Jarrah is the principle timber of Western Australia. It is a very hard, dense, stiff timber and is relatively acoustically dead when tapped. The timber is a beautiful deep red, or pinky red in colour and is used in high class furniture and all sorts of construction work and used to be extensively used for railway sleepers. It is still readily available, cheap, not too difficult to find quarter sawn, and often comes with fiddleback figure. It is very hard on tools and has only moderate bending qualities; I find the dust quite irritating.
Jarrah, in combination with King Billy Pine, makes lovely sounding mandolins. A King Billy Pine top, Jarrah back, and fiddleback Blackwood bindings produces quite a handsome combination. However, the instruments are quite heavy because Jarrah is a very heavy timber, and most musicians do notice this and don't like it. Tonally, Jarrah is very strong in the bass. Mandolins made from Jarrah have a strong rich sounding bass which imparts an overall fuller tonal quality on the instrument. I do not use Jarrah any more because of the weight problem and being a Eucalyptus species, the wood is not particularly stable.
Extremely hard and heavy desert Acacia species that I use for tuning knobs and bindings. Makes very attractive tuning knobs and excellent bindings. Sometimes can have fiddleback figure (ringed Gigdee). Bends reasonably easy if you are careful. Fine grain texture that polishes up well. It has an attractive dark reddish brown colour under an oil finish that compliments Myrtle. Is used as an Ebony substitute by many Australian Luthiers and also by the Maton guitar factor. Significantly harder than Ebony.
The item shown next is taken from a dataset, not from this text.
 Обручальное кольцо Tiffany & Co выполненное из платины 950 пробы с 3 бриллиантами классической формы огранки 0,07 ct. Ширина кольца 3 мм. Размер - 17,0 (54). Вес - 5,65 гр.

Fingerboards made from Gidgee are not likely to wear out.
Another extremely hard and heavy desert Acacia that I use for tuning knobs and bindings. Reddish gold in colour and not as dark as Gidgee, but has a very attractive golden shine under an oil finish. Makes attractive bindings, but is stiff and difficult to bend.
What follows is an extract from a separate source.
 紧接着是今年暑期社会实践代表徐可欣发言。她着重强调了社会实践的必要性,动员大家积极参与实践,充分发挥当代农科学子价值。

A hard timber from northern NSW and Queensland with the colour of yellowed ivory. Bends easily so makes excellent bindings. Very difficult to get.
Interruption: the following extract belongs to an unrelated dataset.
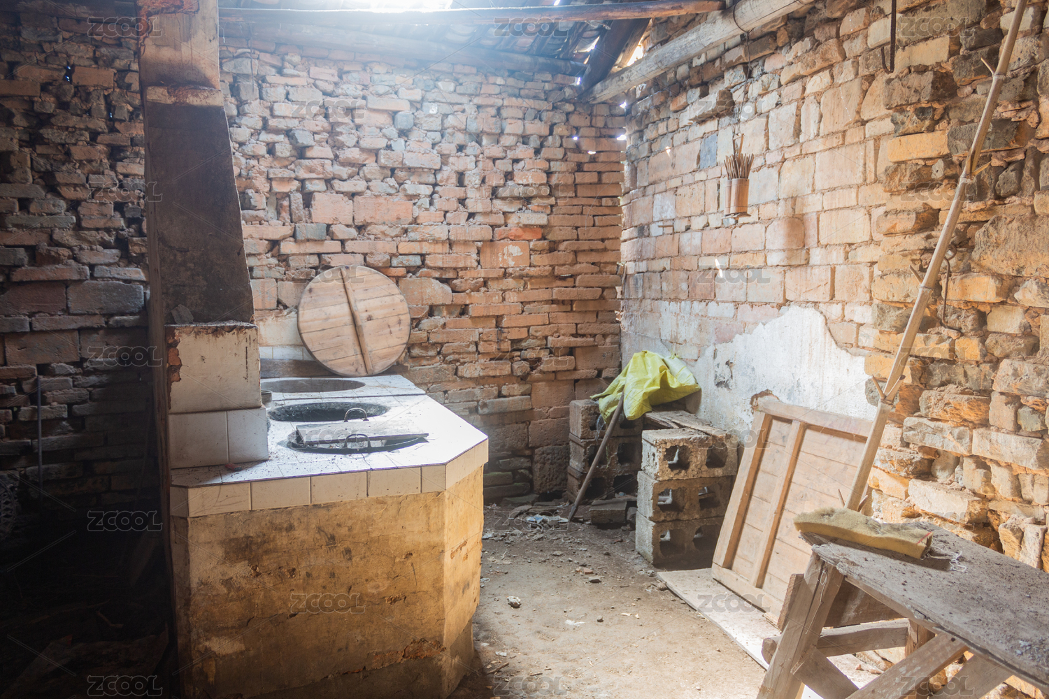 灶臺(tái)土炕農(nóng)村廚房室內(nèi)

Yet another hard heavy Australian desert Acacia that makes great tuning knobs. Reddish brown in colour with some lighter streaks. Not as hard or as dark as Gidgee and is much easier to machine.
Moderately hard and heavy conifer that can be used as a soundboard timber. I have only ever made one mandolin from this wood. The mandolin was an F soundhole mandolin with Blackwood back and sides. The sound could be described as mellow, but I preferred the sound of a Red Spruce/Walnut mandolin I had at the time so have not used it since. Has also been used as a soundboard timber in violins and harps.
More recently I have been trying some European Spruce harvested in
Romania in the Carpathian mountains (the so called Carpathian Spruce).
This Spruce so far has been superb in terms of sound quality, but it is
not quite so easy to work with and not as pretty as the Swiss Spruce.
However, I will be using much more of this wood in the future because I
really like the sound I get from it. The sound is quite unique,
different from alpine Swiss Spruce and much more like Red Spruce, but
with improved warmth and clarity of tone.
More recently I made three A5 mandolins with a Red Spruce top and European
Maple back sides and neck. The first mandolin was easily the best
sounding mandolin I have ever made, and made me think seriously whether
it really was worth using anything else in my F soundhole mandolins!
It was so damn good that in my opinion it was the best sounding mandolin I
have ever had in my hands, bar none. At the time I thought it may
have been a fortunate fluke, but blow me down if the second instrument
sounded even better, and the third better again! Not all that much better, but better
nevertheless. Rest assured, I have drained the bank account and now have very good stocks of this amazing tonewood,
quietly drying the workshop, and will be using lots of it in the future. Pity it does
not have the beautiful natural colours of the Australian natives.